Fennel & Rice Soup image

Fresh, flavorful fennel & rice soup is a nourishing, delicious comforting meal

Provided by Julia

Categories     Main Course

Time 40m

Number Of Ingredients 13

1 tablespoon avocado oil, or oil of choice
1/2 cup brown rice
1 large yellow onion, diced
2 stalks celery, chopped
1 carrot, peeled and chopped
6 cloves garlic, minced
1 large fennel bulb, chopped
½ teaspoon fennel seeds
¼ teaspoon rosemary
½ teaspoon turmeric
1 teaspoon herbs de Provence, or Italian seasoning
1 teaspoon salt, or to taste.
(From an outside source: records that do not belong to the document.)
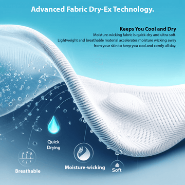 Advanced Fabric Dry-ex Technology: breathable, moisture-wicking, quick-drying fabric used by pro athletes.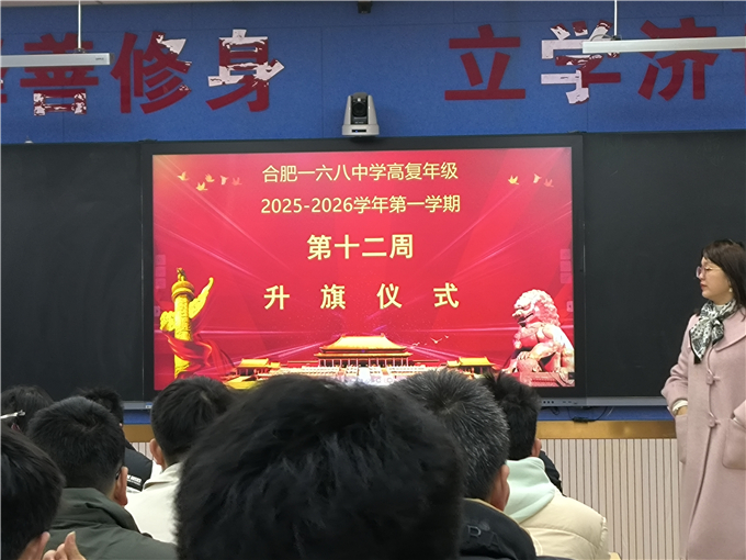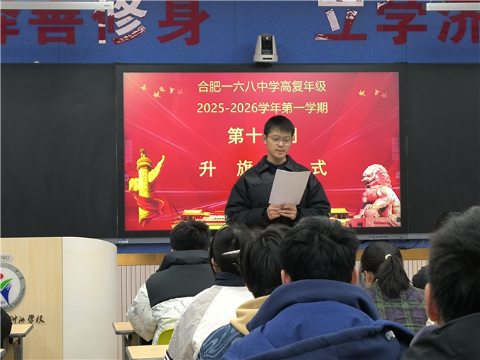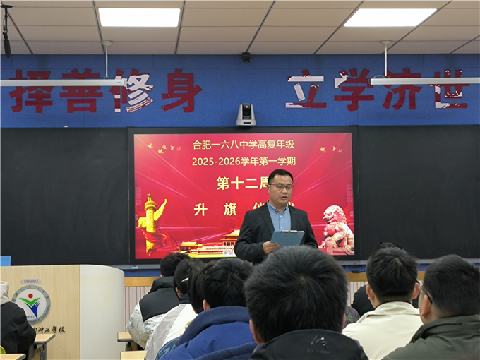 寒风凛冽却依然抵挡不住同学们不断奋进的脚步,在这冬意渐浓的清晨,怀揣着对梦想的追寻,同学们迎来了合肥一六八中学高复年级本学期第十二周的升旗仪式。本周升旗仪式由高复(17)班主持。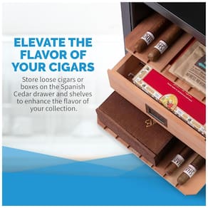 Prateleiras de Cedro Espanhol para Melhor Sabor: Armazene os charutos na gaveta de cedro espanhol de alta qualidade ou coloque as caixas de charutos nas prateleiras ventiladas de cedro espanhol. O cedro espanhol melhora o sabor dos charutos e ajuda a manter a umidade ideal dentro do umidor.
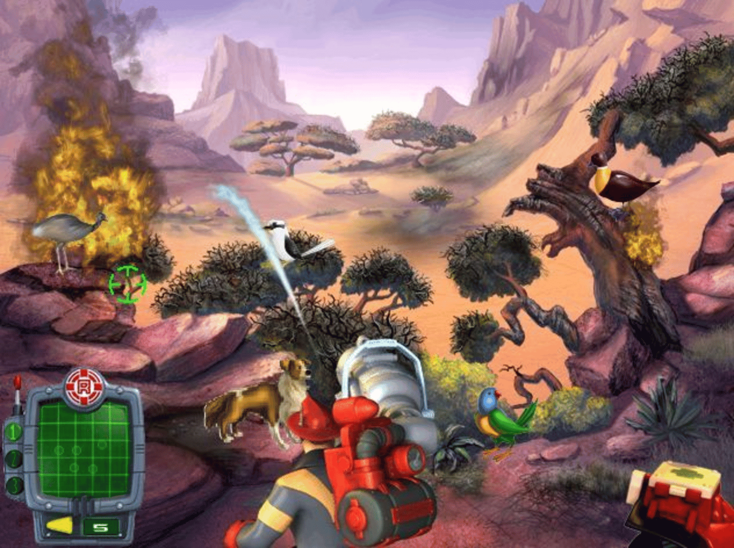 Rescue Heroes: Meteor Madness is another in the Fisher-Price Rescue Heroes Series, this one is aimed at children in the 4-7 age range. The story behind the game is that the earth has been struck by a cluster of meteors that have done damage in specific areas. It is the Rescue Heroes task to travel to the trouble spots and rescue people who are trapped. There are four hot spots to be dealt with, each representing a different mini game featuring different heroes. Each game has three levels of difficulty, trainee, specialist and expert, with each level of difficulty having more people and animals in need of rescue. The player can change the difficulty if they find the game too hard or too easy. When all missions have been completed the game unlocks one of a series of printable pictures which the player is invited to colour in.

Adjust amount of salt according to how salty your broth is
8 cups chicken or vegetable broth

Steps:

  • In a large pot or dutch oven, heat the grapeseed oil to medium and add the uncooked rice. Stir and saute one minute.
  • Add the onion, carrot and celery. Saute until the onion is translucent and carrot begins to soften, about 10 to 12 minutes. (if adding chopped chicken or turkey sausage, do so now before adding the fennel).
  • While the veggies are sautéing, slice the fennel bulb, using the green stalk if desired.
  • Add the chopped fennel, minced garlic, fennel seeds, rosemary, turmeric, herbs de Provence, and salt. Saute an additional 2 minutes.
  • Add the chicken/vegetable broth and bring to a full boil.
  • Cover the pot, reduce heat to medium low and simmer for 40 minutes.
  • The soup is ready when the veggies are soft but still al dente. If you prefer very soft veggies, cook longer at a higher temperature.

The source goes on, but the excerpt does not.